Two books to celebrate the season of the witch

Magician, wizard, practitioner of magic, whatever you want to call that person, I’ll bet some of the first examples that pop into your head are male: Harry Potter, Merlin, Gandalf. The greats of the fantasy genre are usually males with women in supporting roles. Women are the wife, the jealous lover, the know-it-all, and sometimes in a world full of men practicing magic, they have no magical ability at all.

Growing up enamored with the fantasy genre and novels filled with magic, I found my favorites: Tamora Pierce’s “Song of the Lioness Quartet,” Garth Nix’s “Abhorsen” series and of course the biggie, J. K. Rowling’s Harry Potter books. But for every Alanna and Sabriel there were dozens of Harrys and Eragons.

Young adult and juvenile fiction have been quick to turn around, but it can be pretty difficult when browsing the adult fantasy shelves to find a novel centered on a well-rounded female character. Fantasy has long been reigned over by male protagonists, but there are female writers like Ami McKay and Kat Howard who are daring to go where only Robert Jordan and J. R. R. Tolkien had gone before. Let me talk to you about witches in America. I promise you won’t be disappointed.

An Unkindness of Magicians” by Howard and “The Witches of New York” by McKay are so similar yet dissimilar that when I read them back to back, quite by chance, I couldn’t wait to write about them. Let me start off by saying that these are two very different novels. They have a lot of commonalities like magic, fierce women, self-discovery, community and their big-city setting, but “An Unkindness of Magicians” reads like a gritty revenge story, while “The Witches of New York” is historical fantasy and very much an exploration of women’s issues.

The way magic is portrayed is also very different. “The Witches of New York” hails from the common understanding of witches: tea leaves, palm reading, incantations, communing with the dead. “An Unkindness of Magicians” reeks of a more technical magic: spells woven intricately with fingers to create illusions and to kill. Both books are unflinchingly beautiful.

“An Unkindness of Magicians” follows Sydney as she competes in the Turning, a magical competition that takes place every 20 years to determine the next ruler of the Unseen World. This hidden enclave of magicians ensconced in New York City, unknown to the mundane inhabitants, sold Sydney into magical servitude. She’s broken free and wants to watch the Unseen World burn.

This novel is so expertly woven that it feels as if Howard worked her own particular spell in prose. With multiple viewpoints and many switches between them all, the pace is a little dizzying but utterly satisfying; this may be my favorite book of the year. Apparently, the title is based on collective nouns: a murder of ravens, a flamboyance of flamingos, a parliament of owls. When steeped in absolute power–over magic and people — what else would brew up, except “An Unkindness of Magicians”?

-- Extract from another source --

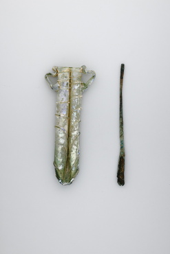 二連瓶(G29-1)、双把手付二連瓶(G28-1)、双把手付二連瓶(遠山記念館)、双把手付二連瓶(岡山市立オリエント美術館)は吊手のないタイプの二連瓶です。胴体の基本的な形態は同じですが、細部の作りはそれぞれ異なります。二連瓶(G29-1)、双把手付二連瓶(G28-1)には本体に糸状の巻き付け装飾が施されていますが、双把手付二連瓶(遠山記念館)、双把手付二連瓶(岡山市立オリエント美術館)にはありません。双把手付二連瓶(G28-1)、双把手付二連瓶(岡山市立オリエント美術館)は左右両側面の口縁付近に三角形の把手が付き、双把手付二連瓶(遠山記念館)では胴中央付近から口縁に向かって波状の貼り付け装飾が施されています。 また、口縁部にも作り方の違いを見ることができます。双把手付二連瓶(G28-1)は2つの口を分ける壁が口端より一段低くなっていますが、これは道具で挟んだ一よりも手前(吹き竿に近い位置)で切り離したからです。それ以外は口端と壁の高さが同じなので、道具で挟んだ部分に合わせて吹き竿から切り離したとみられます。(『吹きガラス 妙なるかたち、技の妙』、サントリー美術館、2023年)

We’re still in NYC for our next book, but rewind the clock 137 years. “The Witches of New York” starts in the autumn of 1880, and instead of one determined magician, we are greeted by three very different, well-rounded witches.

Compelled by an ad in the paper seeking a shop girl that closes with “those averse to magic need not apply,” Beatrice leaves her small town upstate for New York City. She begins her work at Tea and Sympathy with Adelaide, a fortune teller and Eleanor, a mixer of potions, teas, and all sorts of spells. All three women grapple with their power and what it means to be a witch in a city equally obsessed with technology and seances, superstition and progress.

Hounded by forces both normal and paranormal, Beatrice, Adelaide and Eleanor must find their place in the world while conquering their own fears. “The Witches of New York” has a lot going on, and even though there were parts I wanted to skim through, I found each character enchanting.

While “An Unkindness of Magicians” is sleek and wholly its own, McKay’s work dabbles in everything from fairies to Cleopatra’s Needle to tasseomancey (tea leaf reading). It confronts head on the persecution women faced for being “other” and has so many parallels to what women face in current times that it feels modern while being unapologetically eclectic.

There you have it: two fantasy books with women at the forefront. Finding well-developed female protagonists can be a struggle, and there are so many books that I roll my eyes at or don’t finish because the central character doesn’t have depth or isn’t compelling. But Sydney, Beatrice, Eleanor and Adelaide are sure to bewitch you. I have definitely fallen under their spell and can’t wait to escape to their worlds again.

— Lauren Taylor is a youth services assistant at the Lawrence Public Library.